**TO DO**
Starting with the line that has "Jauch晶振,O 212." and finishing with the line that has "Una decorazione da", set down each line below exactly. Pictures are not copied.

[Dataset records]
--- START ---

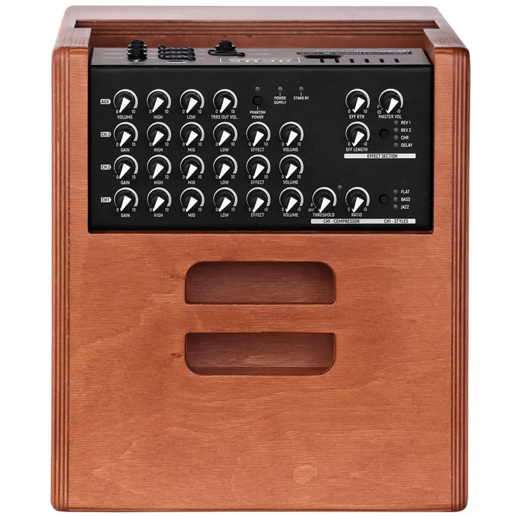 Kraftfuld lyd – kompakt design Kabinettet er fremstillet af solid krydsfiner med elegant træfinish, der kombinerer lav vægt (10,4 kg) med robusthed og naturlig resonans. Forstærkeren rummer en 8” woofer og 1” dome tweeter, der tilsammen dækker frekvensområdet 40 Hz – 20 kHz. Resultatet er en varm, transparent lyd med både dyb bund og klar diskant – perfekt til akustiske optrædener og studiebrug.
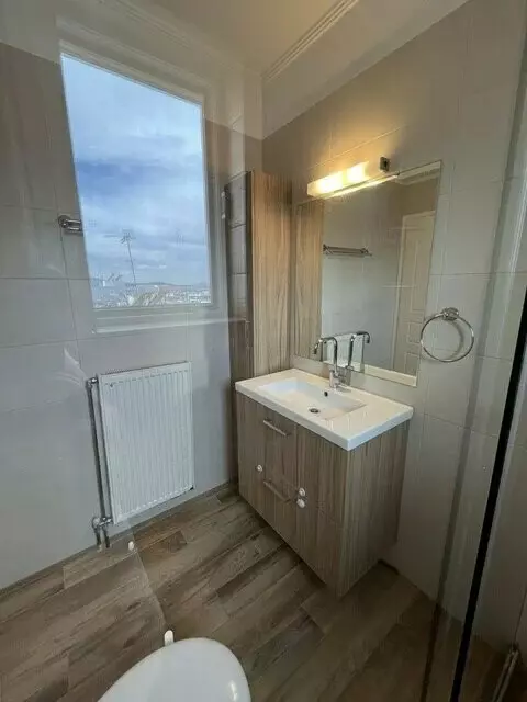 This charming apartment features three cozy bedrooms, providing ample space for relaxation or a productive home office. The living room seamlessly integrates with a modern kitchen, creating a warm and inviting atmosphere for hosting friends or family dinners. With both a shower WC and an additional separate WC, convenience is at your fingertips.
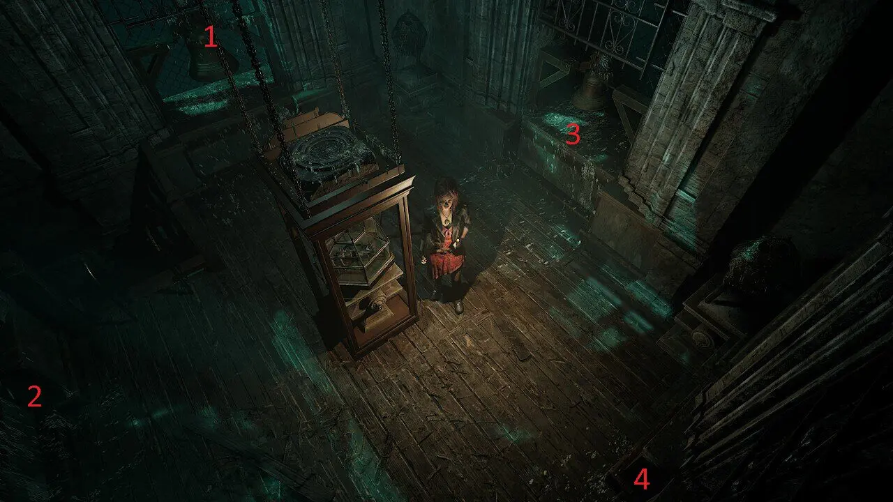 Comece a subir as escadas, quebre os vasos no caminho e no final das escadas, colete o Cartucho de escopeta. Suba a escada vertical para chegar na torre do sino de fato. Em uma caixa central está a Escopeta, para conseguir coletar a arma, você terá de usar o martelo para bater nos quatro sinos da sala na ordem correta. A sequência correta é:
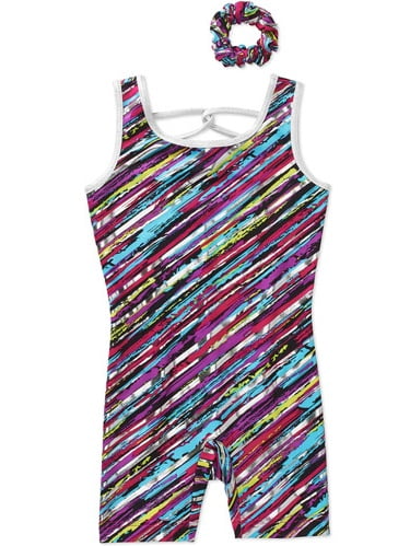 Danskin Now Biketard with Back Straps now comes in an energetic print and silver foiled latice back detail biketard and matching hair tie. Made of our durable 94% Polyester, 6% Spandex that is easy to wash and wearGirls’ Biketard with Back Straps
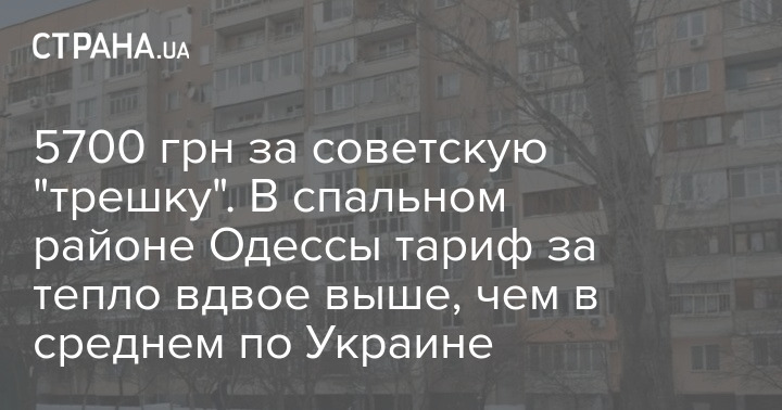 5700 грн за советскую "трешку". В спальном районе Одессы тариф за тепло вдвое выше, чем в среднем по Украине
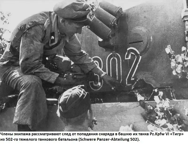 Два огромных танка с крестами на бортах надвигались на батарею. Когда до одного из орудий оставалось не более 50 метров, прозвучал выстрел. Бронебойный снаряд весом 25 кг со скоростью 800 м/с врезался в башню головного «Тигра», которая, расколовшись, слетела с танка. Сильные удары крупных осколков башни по броне второго «Тигра» заставили его экипаж бежать, не заглушив двигателя».
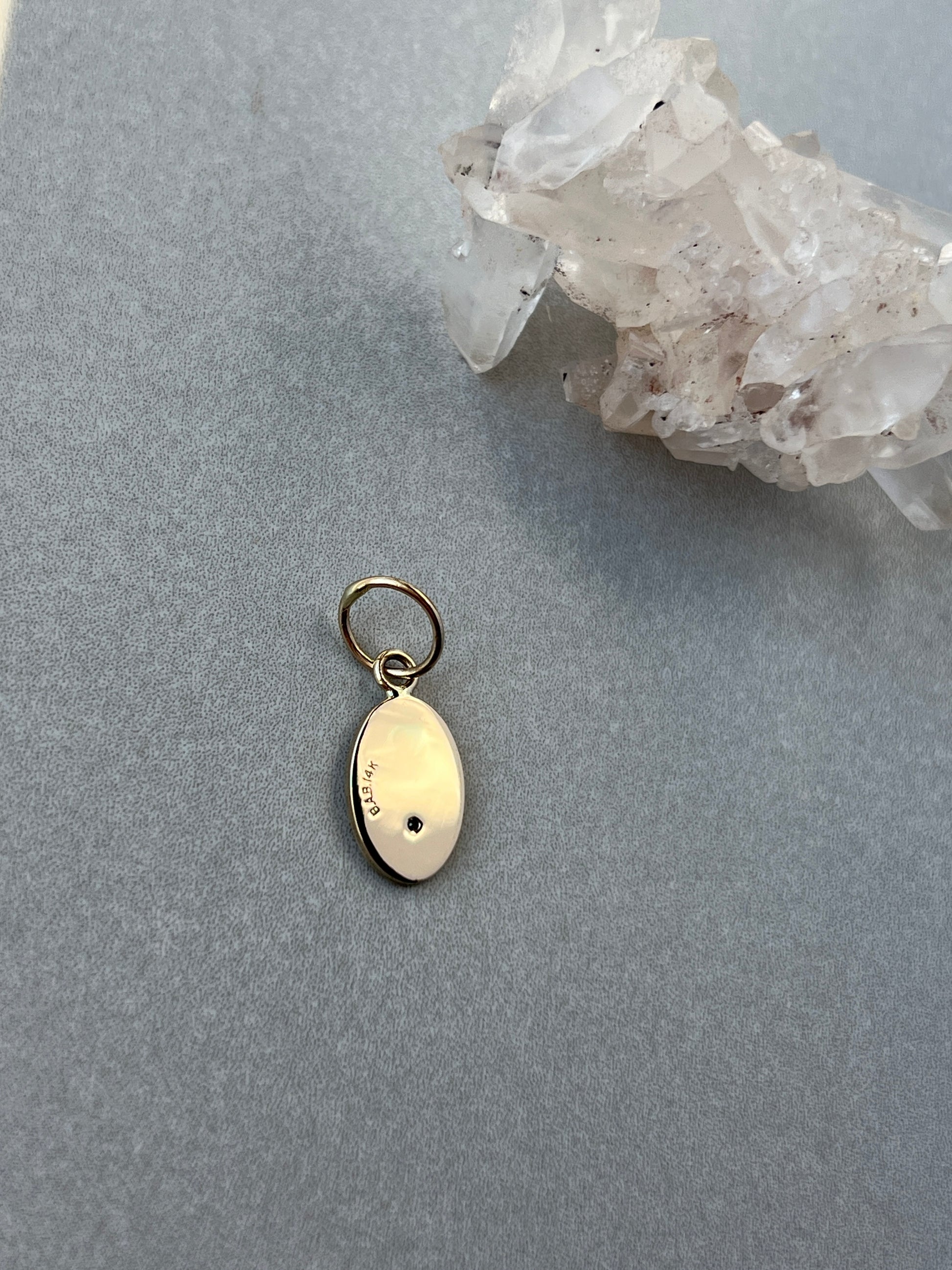 Small Vintage Oval Tie-Tac Charm Conversion with Star-Set Diamond in 14k Yellow Gold.
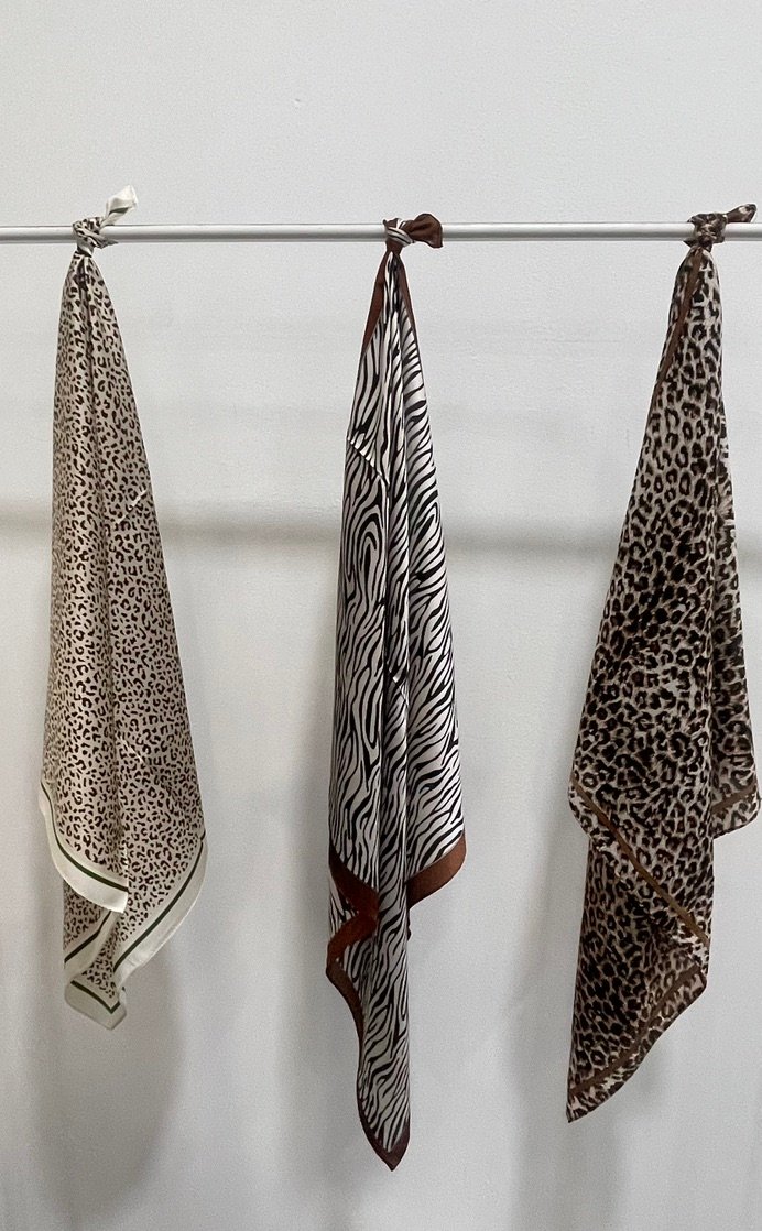 Pañuelo animal print en tejido satinado y normal
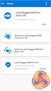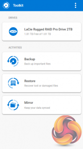 LaCie's Tookit allows you to simply set up the drives in a Mirror (RAID1) and create backups or restore data. This can be done with a single click or if you want to choose another folder other than the default one for the backup/restore data you have a custom option. It also automatically copies the content from an SD Card.
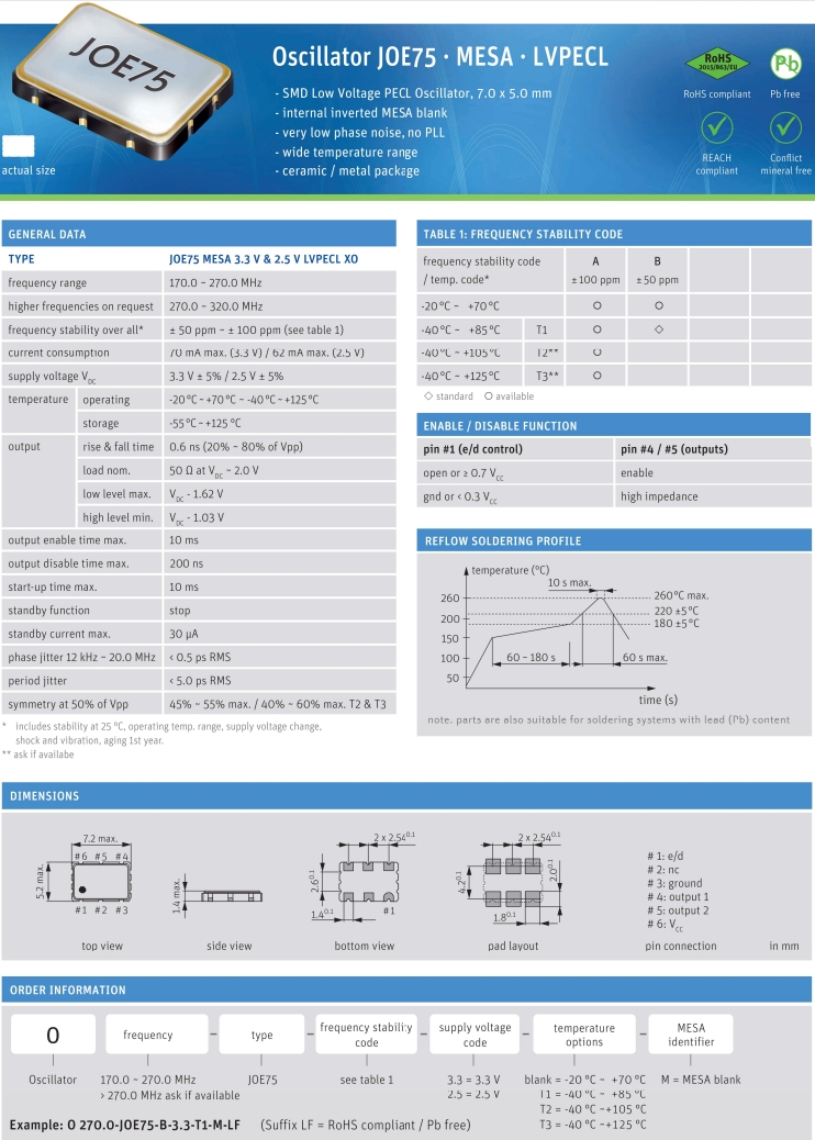 Jauch晶振,O 212.5-JOE75-A-3.3-T3-M-LF,6G信號接收器晶振規格表
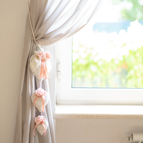 Una decorazione da usare come vuoi! Come sottochiave, come fuoriporta o come embrasse. Infatti in dotazione ci trovaerai un cordoncino che servirà a raccogliere le tue tende con quel tocco romantico!
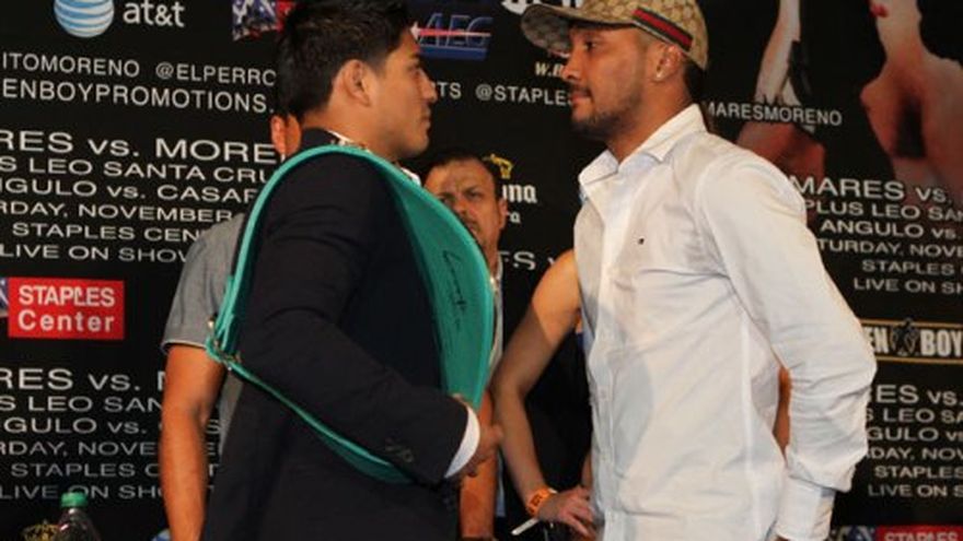 El panameño Anselmo "Chemito" Moreno y el mexicano Abner Mares se vieron las caras hoy por primera vez antes de la pelea que ambos tendrán el próximo 10 de noviembre en el Staples Center de Los Ángeles, California (Estados Unidos). El pleito, pactado a 12 asaltos y 122 libras, será por el título súpergallo del Consejo Mundial de Boxeo (CMB) en poder de Mares. "Después que derroté a Vic Darchinyan (el 3 de diciembre del año pasado), hice un reto a todos los grandes boxeadores de las 118 y 122 libras", declaró Moreno durante la conferencia de prensa en la que se realizó el lanzamiento oficial de la función boxística que se realizará el décimo día de noviembre. "Tuve esta oferta y la tomé. Subo a las 122 libras porque es allí donde está el dinero y las grandes figuras." Moreno (33-1-1, 12 nocauts), quien es el actual súpercampeón gallo de la Asociación Mundial de Boxeo (AMB), enfatizó en su deseo por enfrentar a Mares al que dijo respetar. "Esta es una gran oportunidad. Abner Mares es un gran campeón. Miro hacia el 10 de noviembre para pelear con un compañero que es campeón del mundo", agregó. Por su parte, Mares (24-0-1, 13 nocauts) no ocultó su emoción de pelear en Los Ángeles en una ciudad que es del mismo estado donde reside. "No quiero agradarle a la gente; quiero que me respeten", declaró el púgil azteca. "Quiero pelear con los mejores, los grandes ganadores del 10 de noviembre serán los fanáticos". Mares también elogió a su próximo rival. "Moreno no ha perdido en 10 años. Es un boxeador difícil, muy talentoso, técnico y defensivo que sabe como caminar el ring", añadió. "Esta será una pelea extremadamente difícil para mí, pero la quería. He estado entrenando muy duro para ella."
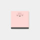 Sticky notes with a drawing of a cute pink pig's face. Wearing a black bow tie. Lifted up by his black cloven hooves and peering over a table. Cute and whimsical drawing. Set on a pink background with some faded hearts here and there.
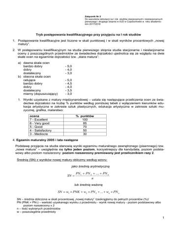Załącznik Nr 2 Do warunków rekrutacji na I rok studiów stacjonarnych i niestacjonarnych pierwszego i drugiego stopnia w AJD w Częstochowie w roku akademickim 2017/2018 Tryb postępowania kwalifikacyjnego przy przyjęciu na I rok studiów 1. Postępowanie kwalifikacyjne jest liczone w skali punktowej i w skali wyników procentowych „nowej matury”. 2. W postępowaniu kwalifikacyjnym na studia pierwszego stopnia studia stacjonarne i niestacjonarne oceny z poszczególnych przedmiotów ze świadectwa dojrzałości ujednolica się ze względu na dwie skale ocen na egzaminie dojrzałości tzw. „stara matura”: a) dawna skala ocen bardzo dobry dobry dostateczny b) obecna skala ocen celująca bardzo dobry dobry dostateczny mierny (dopuszczający) - 5,0 - 4,0 - 3,0 - 5,0 - 4,5 - 4,0 - 3,5 - 3,0 1. Wyniki uzyskane z matury międzynarodowej – ustala się następujące przeliczenia ocen ze świadectwa dojrzałości na liczbę % punktów według poniższej tabeli z wyłączeniem kierunków edukacja artystyczna w zakresie sztuk plastycznych, edukacja artystyczna w zakresie sztuki muzycznej, grafika, malarstwo: ocena 7 - Excellent 6 - Very good 5 - Good 4 - Satisfactory 3 - Mediocre % punktów 100 85 70 50 30 4. Egzamin maturalny 2005 i lata następne Podstawę przyjęcia na studia stanowią wyniki egzaminu maturalnego zewnętrznego (pisemnego) tzw. „nowa matura” – uwzględnia się tylko jeden poziom, korzystniejszy dla kandydata, poziom podstawowy albo poziom rozszerzony: poziom rozszerzony premiowany jest przelicznikiem razy 2. Średnią (SN) z wyników nowej matury obliczmy według wzoru: jako średnią arytmetyczną SN PN 1 PN 2 .... PN n n lub średnią ważoną SN w1 PNK w2 PN 2 ... wn PN n SN – średnia obliczona w skali procentowej „nowej matury” /zaokrąglamy do pełnych procentów (%)/ PN (PNK = PN1) – wartość uzyskanego wyniku z przedmiotu - wynik nowej matury - poziom podstawowy albo poziom rozszerzony x 2 n – ilość wybranych przedmiotów w – poszczególne przedmioty 1 5. Egzamin dojrzałości „stara matura” Średnią (SS) obliczamy z punktów otrzymanych z ujednolicenia skali ocen z wybranych przedmiotów ze świadectwa dojrzałości zgodnie z punktem 2 a i b i według niżej podanego wzoru: jako średnią arytmetyczną SS PS 1 PS 2 ... PS n n lub średnią ważoną SS w1 PSK w2 PS 2 ... wn PS n SS - średnia obliczona w skali punktowej „starej matury” PS - wartość punktowa wybranego przedmiotu (PSK = PS1), n – ilość wybranych przedmiotów w – poszczególne przedmioty 1. Na kierunku: biotechnologia, chemia, fizyka, inżynieria bezpieczeństwa studia drugiego stopnia (studia stacjonarne i niestacjonarne) o przyjęciu decyduje średnia ocen (w zaokrągleniu do 0,5) ze studiów pierwszego stopnia. Średnią ocen przelicza się na punkty według poniższej tabeli Ocena bardzo dobry dobry plus dobry dostateczny plus dostateczny Punkty 5,0 4,5 4,0 3,5 3,0 2. Ocenę końcową z dyplomu ukończenia studiów pierwszego stopnia przelicza się na punkty. 3. Kandydaci, którzy otrzymali z egzaminu praktycznego ocenę niedostateczną bądź negatywną, nie mogą być dopuszczeni do dalszego postępowania kwalifikacyjnego w ramach kierunku. 4. Kandydat, który na egzaminie maturalnym nie zdawał przedmiotu wymaganego w kryteriach kwalifikacji uzyskuje zero punktów za ten przedmiot. 9. Na kierunek filologia, specjalność filologia germańska na studia niestacjonarne w przypadku wyczerpania limitu w pierwszej kolejności będą przyjmowane osoby z oceną z języka niemieckiego na świadectwie dojrzałości. 10. W postępowaniu kwalifikacyjnym na studia pierwszego stopnia na kierunku: filologia specjalność: filologia angielska maksymalną liczbę punktów możliwych do zdobycia w postępowaniu kwalifikacyjnym uzyskują posiadacze dyplomów językowych Certificate in Advanced English (CAE), Certificate of Proficiency in English (CPE). 11. W postępowaniu kwalifikacyjnym na studia pierwszego stopnia na kierunku: filologia specjalność: filologia germańska maksymalną liczbę punktów możliwych do zdobycia w postępowaniu kwalifikacyjnym uzyskują posiadacze dyplomów językowych Zentrale Mittelstufenprüfung (ZMP), Zentrale Oberstufenprüfung (ZOP), Kleines Deutsches, Sprachdiplom (KDS), Großes Deutsches Sprachdiplom (GDS). 12. W przypadku braku oceny z języka na świadectwie ukończenia szkoły średniej lub dojrzałości – dotyczy tzw. „starej matury” na kierunek filologia odbędzie się rozmowa kwalifikacyjna: na specjalność: filologia angielska – z języka angielskiego na specjalność filologia germańska – z język niemieckiego. 2 13. Zgodnie z Kryteriami kwalifikacji określonymi w „Załączniku Nr 1 Do warunków rekrutacji na I rok studiów stacjonarnych i niestacjonarnych pierwszego i drugiego stopnia AJD w Częstochowie w roku akademickim 2017/2018”, kandydaci na studia drugiego stopnia, którzy w wyniku ukończenia studiów I stopnia nie uzyskali efektów kształcenia wymaganych od kandydatów na dany kierunek studiów drugiego stopnia, mogą być przyjęci na studia stacjonarne i niestacjonarne drugiego stopnia, pod warunkiem deklaracji uzupełnienia brakujących efektów z zakresu wiedzy, umiejętności i kompetencji społecznych poprzez zaliczenie w formie programu wyrównawczego płatnych zajęć dydaktycznych. 14. Na kierunku wychowania fizyczne studia drugiego stopnia (studia stacjonarne i niestacjonarne: Kandydaci posiadający tytuł trenera dyscypliny sportowej, aktualną mistrzowską, lub I klasę sportową, poświadczoną przez odpowiedni polski związek sportowy, otrzymują dodatkowo 10 pkt. Kandydaci posiadający uprawnienia instruktora dyscypliny sportu, ratownika WOPR, GOPR lub TOPR, tytuł menedżera sportu, aktualną II klasę sportową, poświadczoną przez odpowiedni polski związek sportowy, otrzymują dodatkowo 5 pkt. W punktacji za posiadane uprawnienia w zakresie kultury fizycznej można uzyskać maks
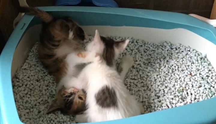 だけど、何も猫トイレの中でバトルしなくてもいいのにね〜ψ(`∇´)ψ

--- END ---

**EXPECTED ANSWER**
 Jauch晶振,O 212.5-JOE75-A-3.3-T3-M-LF,6G信號接收器晶振規格表
 Una decorazione da usare come vuoi! Come sottochiave, come fuoriporta o come embrasse. Infatti in dotazione ci trovaerai un cordoncino che servirà a raccogliere le tue tende con quel tocco romantico!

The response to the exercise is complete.